Wenn wir einen solchen Schritt anstreben, dann entscheiden wir uns für Medienvielfalt. Dabei ist "Vielfalt" wirklich nicht nur auf Online-Presseerzeugnisse bezogen, sondern vor allem auf hochwertige publizistische, journalistische Leistungen, dann eben auf den regionalen Service public; das ist sehr zentral. So können wir auch die Jungen besser in ein System einbinden, bei dem sie gemäss dem breiten Ansatz unserer Verfassung Informationen aus den Bereichen Sport, Kultur und Bildung bekommen.
Ich bin sehr froh, wenn hier Kooperationen besser stattfinden, weil man sich in einer vernetzten Welt nur mit Kooperationen stark machen kann. Der Journalismus wird sich anpassen müssen, aber ich bin überzeugt: Journalismus hat Zukunft, Qualität hat Zukunft. Mit diesem breiten Ansatz werden wir hier unsere schweizerischen Besonderheiten abbilden können.
Ja, Herr Ständerat Lombardi: Es ist mir noch nicht gelungen, die Friedenspfeifen rauchen zu lassen, obwohl wir schon seit fünf Jahren daran arbeiten. Aber ich habe wahrscheinlich bisher den falschen Tabak verwendet. (Heiterkeit)
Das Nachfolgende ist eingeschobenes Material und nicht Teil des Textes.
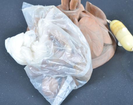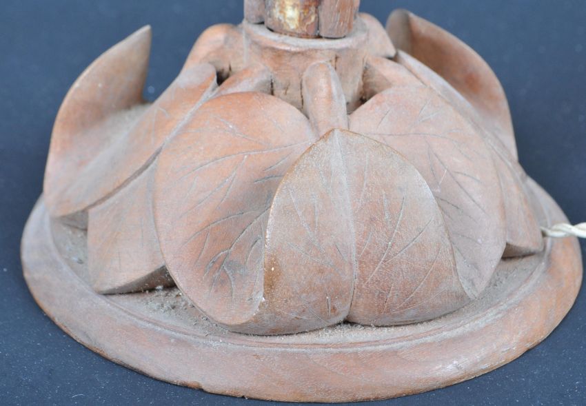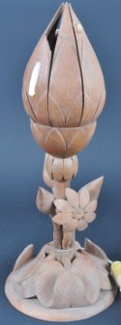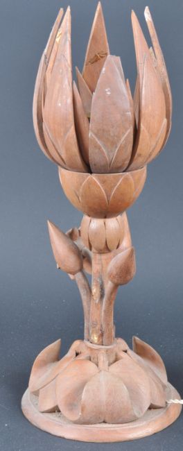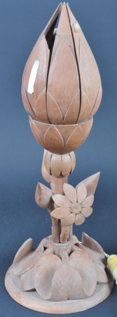 A retro mid 20th Century carved hardwood and mahogany metamorphic desk / table lamp. The top in the form of a lotus flower, which opens when the base is turned to reveal the bulb holder. Raised on a carved stem trunk, with additional carved florals to the base. Measures approx; 38cm tall.

Unterstützen Sie uns deshalb bei der Zukunft, bei der Zukunft mit diesem Mediengesetz. Unterstützen Sie uns einerseits bei der Justierung der kniffligen Fragen punkto inhaltliche Freiheit und Programmautonomie - und das eben dann gebührenfinanziert. Unterstützen Sie uns andererseits bei den Werbeeinschränkungen, Werbeverboten, die wir heute haben und weiterführen, damit auch die Privaten im Wettbewerb eine Chance haben, damit die Privaten weiterhin auch den Service public ergänzen, damit die Privaten auch weiterhin Vorteile am Werbemarkt haben. Ich bin überzeugt, dass wir dann alle von einem hochwertigen, staatspolitisch verlässlichen und demokratierelevanten Service public profitieren können.